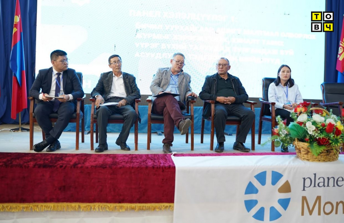 Зөвлөгөөний панел хэлэлцүүлэг үндсэн хоёр бүлэг сэдвийн хүрээнд өрнөлөө. Эхний хэлэлцүүлэг “Бичил уурхайгаар ашигт малтмал олборлох журмыг хэрэгжүүлэх, хяналт тавих үүрэг бүхий талуудад тулгамдаж буй асуудлууд, тэдгээрийн шийдлүүд” сэдвийн дор боллоо. Хэлэлцүүлгийн панелистаар planetGOLD Монгол төслийн Менежер Б.Алтанбагана, Ашигт малтмал, газрын тосны газрын Баруун бүсийн төлөөлөгчийн газрын дарга П.Эрдэнэчулуун, МБУНДХ-ны Тэргүүн, Удирдах зөвлөлийн дарга Н.Нарантөгс, Баян- Өлгий аймгийн Толбо сумын Засаг даргын Тамгын газрын Байгаль орчны хяналтын Улсын байцаагч Х.Бахытхан, Ховд аймгийн Байгаль орчны газрын мэргэжилтэн Б.Ариундолгор, Ховд аймгийн Экологийн цагдаагийн албаны Эрүүгийн мөрдөгч, Цагдаагийн ахлах Б.Сүхцэрэн нар оролцов. Панелистууд Бичил уурхайгаар ашигт малтмал олборлох журам хэрэгжиж эхэлснээр салбарын нөхцөл байдал жигдэрч байгааг онцлон тэмдэглэж, Ашигт малтмалын тухай хуулийн шинэчилсэн найруулгад бичил уурхайн салбарын зохицуулалтыг зайлшгүй тусгах хэрэгтэй гэдгийг тус тусын салбарын тоон мэдээлэлд тулгуурлан онцлон хэлж байлаа.
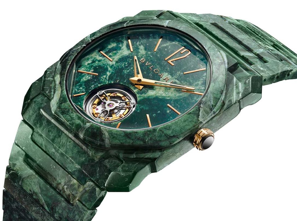 Continuing the theme of artistic materials, Bulgari unveiled the Octo Finissimo Marble Tourbillon. This 40mm extra-thin platinum timepiece is a true masterpiece of material innovation and horological finesse. Its dial is meticulously carved from deep-blue Italian marble, a material forever entwined with the grandeur and emotional power of Roman culture.
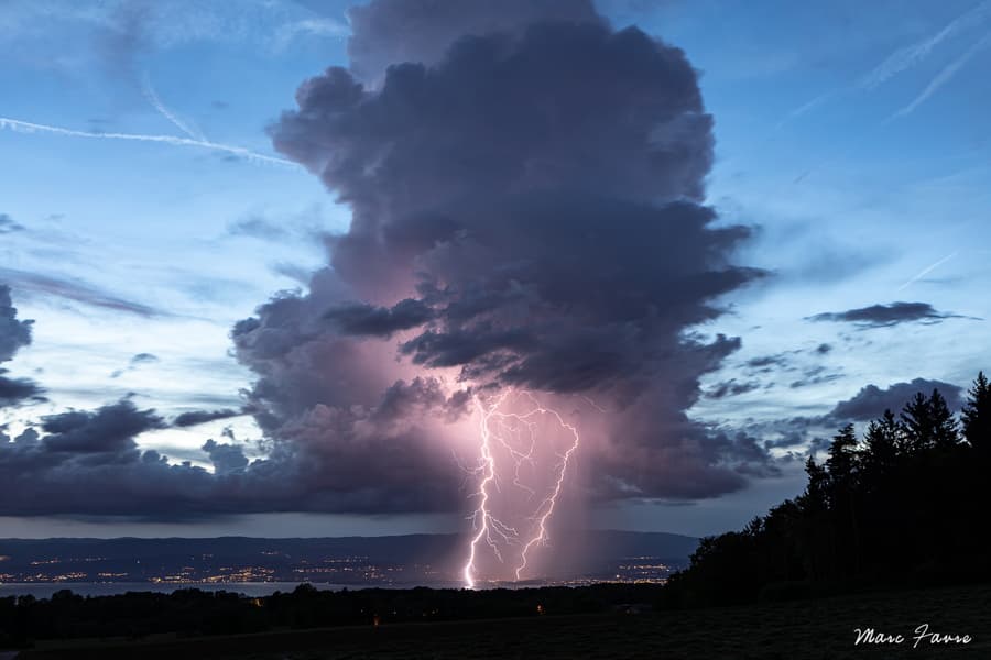 Cumulonimbus et foudre sur le lac Léman depuis Féternes (74) le dimanche 15 mai 2022 - photo Marc Favre
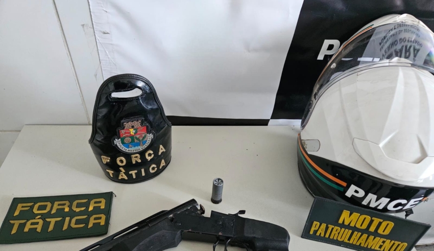 No local, os policiais constataram a veracidade da denúncia e localizaram uma espingarda calibre 12, que estava municiada, no interior do imóvel. O suspeito foi abordado e recebeu voz de prisão.

■ Action item ■
Your answer must be the lines from the one containing "Continuing the theme" through the last line of the listing above, restated word for word, with no pictures.

■ Finished exercise ■
 Continuing the theme of artistic materials, Bulgari unveiled the Octo Finissimo Marble Tourbillon. This 40mm extra-thin platinum timepiece is a true masterpiece of material innovation and horological finesse. Its dial is meticulously carved from deep-blue Italian marble, a material forever entwined with the grandeur and emotional power of Roman culture.
 Cumulonimbus et foudre sur le lac Léman depuis Féternes (74) le dimanche 15 mai 2022 - photo Marc Favre
 No local, os policiais constataram a veracidade da denúncia e localizaram uma espingarda calibre 12, que estava municiada, no interior do imóvel. O suspeito foi abordado e recebeu voz de prisão.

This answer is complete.